Theorem 1. The family of curves represented by the differential equation \(F\left(x, y,-1 / y^{\prime}\right)=0\) to form the orthogonal trajectories of the family of given curves represented by \(F\left(x, y, y^{\prime}\right)=0\).
Proof.
Let/(x,y,c) = 0 ….(1) be the equation of the family of curves, where c is the parameter.
Differentiating (1) w. r. t. x. and eliminating c from (1), we get the differential equation of the family (1).
Let the differential equation of the family (1) be F (x, y, y’) = 0.
Let C be a member of the family of curves (1) and T be a member of the family of trajectories of (1).
Let \(\left(x_0, y_0\right)\) be any point on T.
Let two curves C and T intersect at P(x,y) at a right angle.
For each point on C, we associate an ordered triad (x,y,y’). where x,y are the coordinates of the point and y’ is the slope of the tangent line at that point to C.
Similarly, for each point on T we associate an ordered triad \(\left(x_0, y_0, y_0^{\prime}\right)\).
If \(\left(x, y, y^{\prime}\right) \text { and }\left(x_0, y_0, y_0^{\prime}\right)\) are ordered triads corresponding to P, we have \(x=x_0, y=y_0\) and \(y^{\prime}=-1 / y_0^{\prime}\)since the two curves C and T cut each other at a right angle at P.

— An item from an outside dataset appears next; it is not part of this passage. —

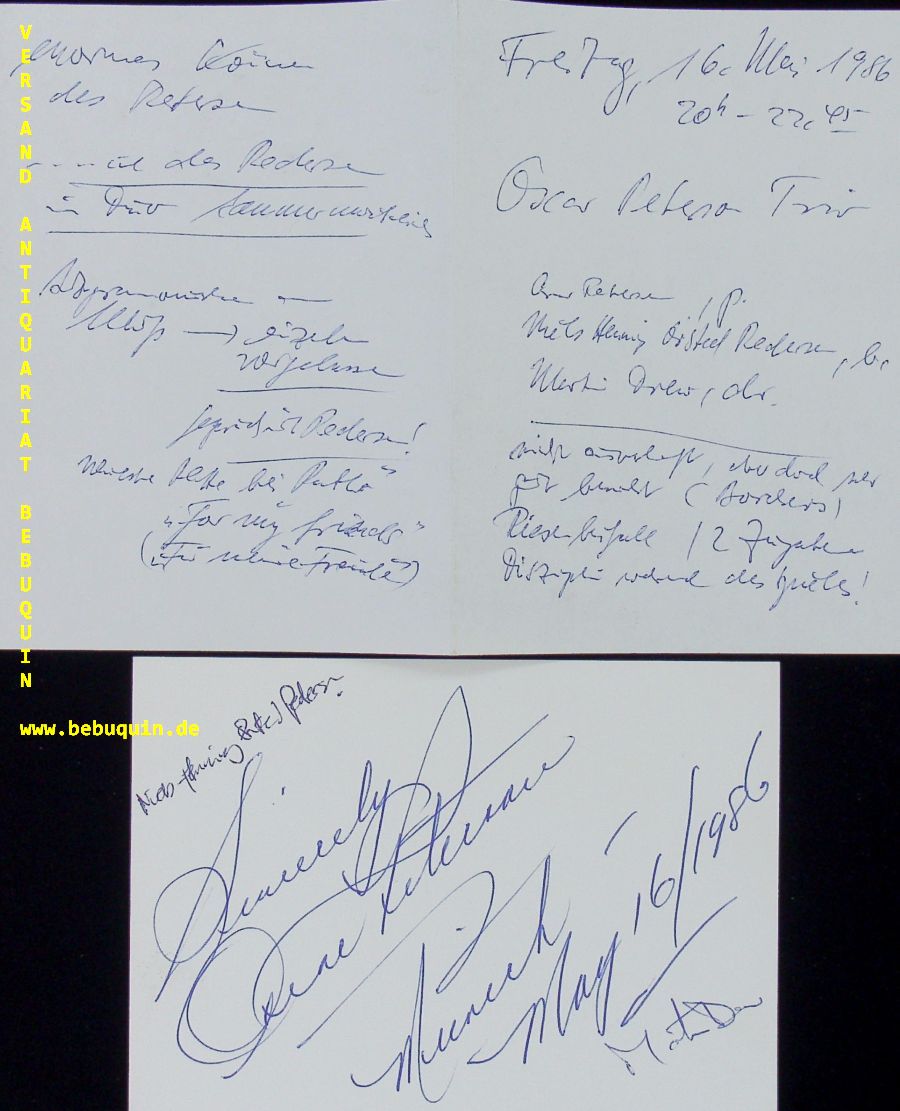 JAZZ.– PETERSON, Oscar (Pianist): eigenhändig signierte und datierte Autogrammkarte. München, 16.5.1986. 10,5 x 14,5 cm. große Karteikarten mit Beiblatt. Oscar Emmanuel Peterson (* 15. August 1925 in Montréal; † 23. Dezember 2007 in Mississauga) war ein kanadischer Jazz-Pianist und -Komponist. Duke Ellington nannte ihn den „Maharaja der Tasten“. Er veröffentlichte über 200 Aufnahmen, gewann sieben Grammys und zahlreiche weitere Auszeichnungen in seiner Karriere. Er wird als einer der erfolgreichsten Jazz-Pianisten aller Zeiten angesehen, der in seiner 65-jährigen Karriere auf Tausenden Konzerten spielte. (Wikipedia)

Since the ordered triad (x,y,y’) = 0 satisfies F (x,y,y’) = 0, it implies that the ordered triad \(\left(x_0, y_0,-1 / y_0^{\prime}\right)\) satisfies the equation \(\mathrm{F}\left(x_0, y_0,-1 / y_0^{\prime}\right)=0\) …(2)
But the ordered triad \(\left(x_0, y_0-1 / y_0^{\prime}\right)\) represents any point on T. (2) is true for any point on T. Thus T is the locus of the point \(\left(x_0, y_0\right)\).
Hence the differential equation satisfying T is F (x,y,-1/ y’) = 0
∴ The family of curves of F (x,y,-1/y’) = 0 are the orthogonal trajectories of the family of F (x,y,y’) = 0.
Working Rule To Find The Orthogonal Trajectories Of A Given Family Of Curves
Let f(x,y,c) = 0 be the equation of the given family of curves. ………………..(1)
(1)Differentiate (1) w.r.t. x and obtain the differential equation F (x,y,y’) = 0 by eliminating the parameter c. …………………..(2)
Replace \(\frac{d y}{d x} \text { by }-\frac{1}{d y / d x}\) in (2)
Then the differential equation of the orthogonal trajectories if \(\mathrm{F}\left(x, y,-\frac{d x}{d y}\right)=0\) …………………..(3)
(3) Solve the equation (3) to get the equation of the orthogonal trajectories of (1).
Self Orthogonal Family Of Curves
Definition. If each member of a given family of curves cuts every other member of the family at right angle, then the given family of curves is said to be self-orthogonal.
Note. For self orthogonal family of curves, the differential equation of the family is the same as the differential equation of the family of orthogonal trajectories.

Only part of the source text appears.